Early on, the investigators should identify the custodians of relevant information, where the information is located and how it is stored. The investigators also should issue a litigation hold that follows current best practices. The litigation hold also may involve imaging personal computers and devices, and the timing of the notice and imaging would need to be planned carefully, so as not to provide someone with an opportunity to cover their tracks by destroying evidence. Of course, detailed records of all these steps taken to preserve relevant evidence should be kept. In a perfect world, before a situation arises the likely custodians would have been trained on their preservation obligations, this process and its importance.

Eventually the collected data may need to be processed by an outside vendor and uploaded to a review platform. This might be necessary to allow the information to be searched, analyzed and perhaps produced, especially if litigation or a government investigation ensues.

Once appropriate steps are taken to preserve records, and the investigators understand the legal and business issues, the investigators would begin carefully reviewing written materials, including electronically stored information, and conducting interviews.

Of all the steps involved, interviews are the most delicate. They should usually be conducted by counsel. Care should be taken to issue and memorialize Upjohn warnings to interviewees. In general, this mandatory warning advises the interviewee that the counsel conducting the interview is not the interviewee’s lawyer, but that the interviewee may consult with their own lawyer before the interview begins; the attorney-client privilege applies, but it belongs to the institution, and not to the interviewee; the substance of the interview must be treated as confidential; and the institution may, in its sole discretion and without notice, waive the privilege and disclose information to others. Whatever an interviewee says should be memorialized in a way that maximizes the protections allowed by the work product doctrine and the attorney-client privilege.

After the available information is collected, reviewed and analyzed, the investigator should usually report its findings directly to the institution’s management. Careful thought should be given as to how and in what manner this report should be provided. Written reports may not be advisable in some situations, because there always is the risk that a written report may be discoverable in the event of a FOIA request, litigation or a government investigation.
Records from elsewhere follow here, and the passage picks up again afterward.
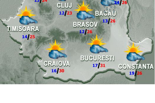 Vremea va deveni caldă în toată ţara, local călduroasă în sud şi sud-est. Cerul, variabil, va prezenta înnorări temporare ziua în vest, sud-vest, centru şi zona de munte, iar spre seară şi noaptea îndeosebi în centru, est şi sud-est. Local vor fi ploi de scurtă durată şi se vor semnala descărcări electrice. Vântul va sufla slab şi moderat, cu intensificări la munte, precum şi, local şi temporar, în regiunile extracarpatice, în special în prima parte a intervalului. Temperaturile maxime se vor încadra între 23…24 de grade pe litoral şi 34 de grade în Lunca Dunării, iar cele minime vor fi cuprinse între 14 şi 20 de grade, mai scăzute în estul Transilvaniei, spre 11 grade.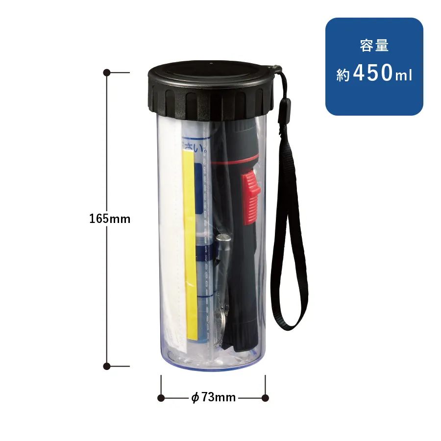 災害時に欠かせない防災グッズ7点をボトルにひとまとめに揃えたセットです。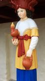 Austråttmadonnaen frå 1220 hadde vorte delt i to under bergingsaksjonen, men vart sammenføydd att i ei restaurering. Dei nye karyatidane i borggarden vart utførte i 195356 av Oscar Lynum, Knut Skinnarland, Kristofer Leirdal og Tone Thiis Schjetne.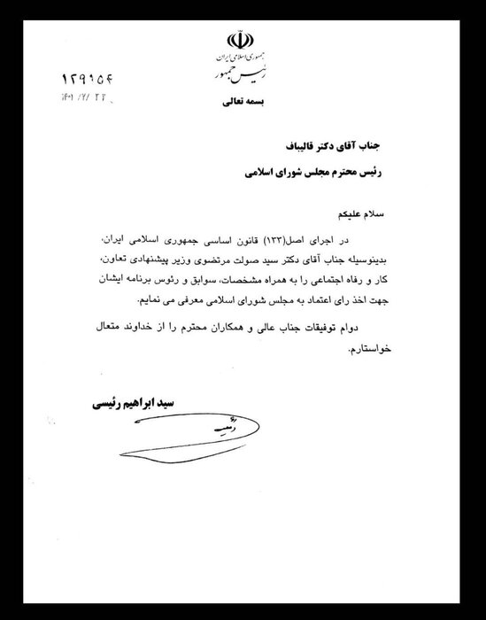 به گزارش تهران بهشت؛ «سید محمد حسینی» اعلام کرد: آیتالله «سید ابراهیم رئیسی» رئیسجمهور در نامهای به «محمدباقر قالیباف» رئیس مجلس شورای اسلامی، «سید صولت مرتضوی» را بهعنوان وزیر پیشنهادی کار معرفی کرد.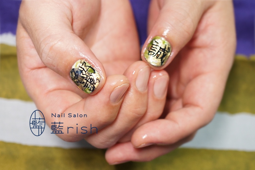 螺鈿と金箔生漆のコラボレーション、メンズネイル。
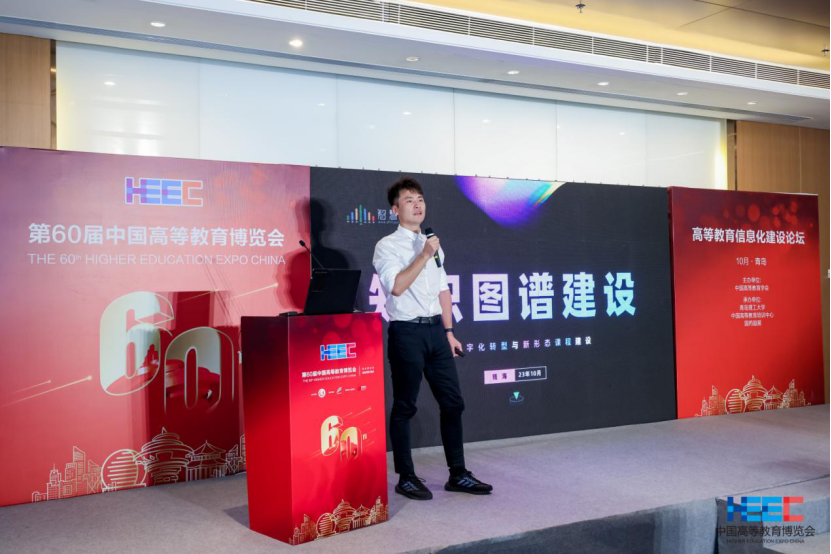 智慧树知识图谱事业部总经理钱海以“知识图谱建设——专业数字化转型与新形态课程建设”为题,指出AI和知识图谱助力专业建设和人才培养,并介绍知识图谱的内容及应用。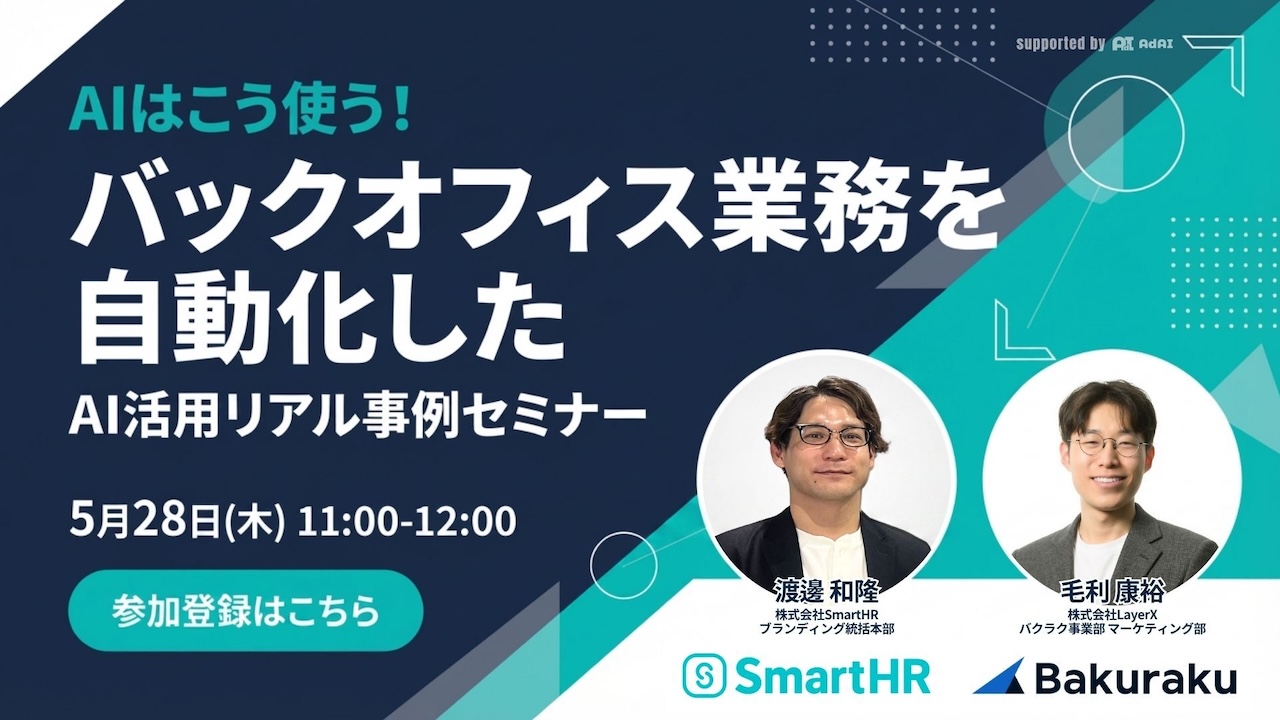 本ウェビナーでは、LayerXとSmartHRの両社が、自社のバックオフィス部門で実際に取り組んだAI活用のリアルな事例をご紹介します。

  1. What can you do to mitigate risk before the need for an investigation ever arises?

An institution can mitigate the risk of an investigation by addressing the risk of the underlying conduct, and there is a lot an institution can do in this regard. Some great approaches to reduce risk include implementing annual, mandatory training on sensitive issues (such as, for instance, discrimination, sexual harassment, and the applicable laws and regulations related to government funding) and routinely updating and revising policies and procedures manuals (including whistleblower and non-retaliation policies), which also should address an individual’s obligations to cooperate with an investigation. Another way to reduce risk is advising people to expect unannounced but periodic audits and actually conducting them. Anonymous hotlines or an online reporting system also could be adopted to help learn of situations as early as possible, and perhaps before a larger problem matures. Establishing a dedicated compliance department can help implement these measures, keep the measures current and make employees aware of their obligations. A dedicated internal audit department can help ensure that these measures are working and detect problems early to allow an institution to get out front and perhaps control how a situation develops. And the “tone at the top” set by the institution’s leaders is critical to creating a culture of compliance with policies, procedures, laws and regulations.

Unfortunately, if an institution does nothing to mitigate risk, it may face enhanced exposure and have difficulty explaining itself later. But a genuine top-down culture of encouraging people to report and disclose, without fear of reprimand, goes a very long way in protecting an institution. A useful and now-familiar phrase embodying that culture might be, “If you see something, say something.”